Work instructions: Your answer should contain every line of the records, transcribed word for word.

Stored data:

────────────────

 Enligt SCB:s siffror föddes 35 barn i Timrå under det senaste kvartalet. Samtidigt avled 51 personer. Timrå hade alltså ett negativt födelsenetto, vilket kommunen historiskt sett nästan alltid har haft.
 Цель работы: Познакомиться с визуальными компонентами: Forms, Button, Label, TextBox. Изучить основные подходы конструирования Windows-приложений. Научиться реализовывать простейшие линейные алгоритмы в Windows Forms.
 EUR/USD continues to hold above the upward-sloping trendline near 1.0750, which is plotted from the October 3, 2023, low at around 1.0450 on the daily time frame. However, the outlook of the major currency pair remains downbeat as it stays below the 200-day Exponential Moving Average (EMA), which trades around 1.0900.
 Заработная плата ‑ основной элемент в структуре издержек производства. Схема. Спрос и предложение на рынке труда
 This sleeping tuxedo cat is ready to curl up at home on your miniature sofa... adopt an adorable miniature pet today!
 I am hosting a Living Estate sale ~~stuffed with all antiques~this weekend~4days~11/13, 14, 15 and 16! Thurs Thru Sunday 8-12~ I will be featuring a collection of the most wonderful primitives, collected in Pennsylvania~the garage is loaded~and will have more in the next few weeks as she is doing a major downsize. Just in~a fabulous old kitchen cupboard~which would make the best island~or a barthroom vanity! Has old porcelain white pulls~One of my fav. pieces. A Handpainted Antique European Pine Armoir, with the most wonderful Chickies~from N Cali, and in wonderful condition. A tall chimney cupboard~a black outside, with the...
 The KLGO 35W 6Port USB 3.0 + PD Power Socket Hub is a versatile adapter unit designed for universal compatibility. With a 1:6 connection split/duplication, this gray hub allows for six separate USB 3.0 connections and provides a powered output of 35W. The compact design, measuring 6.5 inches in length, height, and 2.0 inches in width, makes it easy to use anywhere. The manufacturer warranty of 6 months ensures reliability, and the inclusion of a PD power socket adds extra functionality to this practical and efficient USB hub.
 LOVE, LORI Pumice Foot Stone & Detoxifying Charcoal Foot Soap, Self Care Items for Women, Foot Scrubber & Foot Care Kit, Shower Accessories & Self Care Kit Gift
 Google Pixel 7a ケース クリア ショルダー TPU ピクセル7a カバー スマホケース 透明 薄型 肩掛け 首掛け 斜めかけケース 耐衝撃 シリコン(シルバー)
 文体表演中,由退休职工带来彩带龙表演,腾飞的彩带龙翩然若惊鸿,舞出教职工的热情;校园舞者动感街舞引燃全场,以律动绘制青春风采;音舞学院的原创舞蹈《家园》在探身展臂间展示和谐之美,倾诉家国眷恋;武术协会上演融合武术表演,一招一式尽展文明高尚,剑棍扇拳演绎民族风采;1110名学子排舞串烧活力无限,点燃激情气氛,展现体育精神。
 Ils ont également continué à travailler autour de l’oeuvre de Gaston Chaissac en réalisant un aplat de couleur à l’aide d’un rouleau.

────────────────

Reply to the exercise:
 Enligt SCB:s siffror föddes 35 barn i Timrå under det senaste kvartalet. Samtidigt avled 51 personer. Timrå hade alltså ett negativt födelsenetto, vilket kommunen historiskt sett nästan alltid har haft.
 Цель работы: Познакомиться с визуальными компонентами: Forms, Button, Label, TextBox. Изучить основные подходы конструирования Windows-приложений. Научиться реализовывать простейшие линейные алгоритмы в Windows Forms.
 EUR/USD continues to hold above the upward-sloping trendline near 1.0750, which is plotted from the October 3, 2023, low at around 1.0450 on the daily time frame. However, the outlook of the major currency pair remains downbeat as it stays below the 200-day Exponential Moving Average (EMA), which trades around 1.0900.
 Заработная плата ‑ основной элемент в структуре издержек производства. Схема. Спрос и предложение на рынке труда
 This sleeping tuxedo cat is ready to curl up at home on your miniature sofa... adopt an adorable miniature pet today!
 I am hosting a Living Estate sale ~~stuffed with all antiques~this weekend~4days~11/13, 14, 15 and 16! Thurs Thru Sunday 8-12~ I will be featuring a collection of the most wonderful primitives, collected in Pennsylvania~the garage is loaded~and will have more in the next few weeks as she is doing a major downsize. Just in~a fabulous old kitchen cupboard~which would make the best island~or a barthroom vanity! Has old porcelain white pulls~One of my fav. pieces. A Handpainted Antique European Pine Armoir, with the most wonderful Chickies~from N Cali, and in wonderful condition. A tall chimney cupboard~a black outside, with the...
 The KLGO 35W 6Port USB 3.0 + PD Power Socket Hub is a versatile adapter unit designed for universal compatibility. With a 1:6 connection split/duplication, this gray hub allows for six separate USB 3.0 connections and provides a powered output of 35W. The compact design, measuring 6.5 inches in length, height, and 2.0 inches in width, makes it easy to use anywhere. The manufacturer warranty of 6 months ensures reliability, and the inclusion of a PD power socket adds extra functionality to this practical and efficient USB hub.
 LOVE, LORI Pumice Foot Stone & Detoxifying Charcoal Foot Soap, Self Care Items for Women, Foot Scrubber & Foot Care Kit, Shower Accessories & Self Care Kit Gift
 Google Pixel 7a ケース クリア ショルダー TPU ピクセル7a カバー スマホケース 透明 薄型 肩掛け 首掛け 斜めかけケース 耐衝撃 シリコン(シルバー)
 文体表演中,由退休职工带来彩带龙表演,腾飞的彩带龙翩然若惊鸿,舞出教职工的热情;校园舞者动感街舞引燃全场,以律动绘制青春风采;音舞学院的原创舞蹈《家园》在探身展臂间展示和谐之美,倾诉家国眷恋;武术协会上演融合武术表演,一招一式尽展文明高尚,剑棍扇拳演绎民族风采;1110名学子排舞串烧活力无限,点燃激情气氛,展现体育精神。
 Ils ont également continué à travailler autour de l’oeuvre de Gaston Chaissac en réalisant un aplat de couleur à l’aide d’un rouleau.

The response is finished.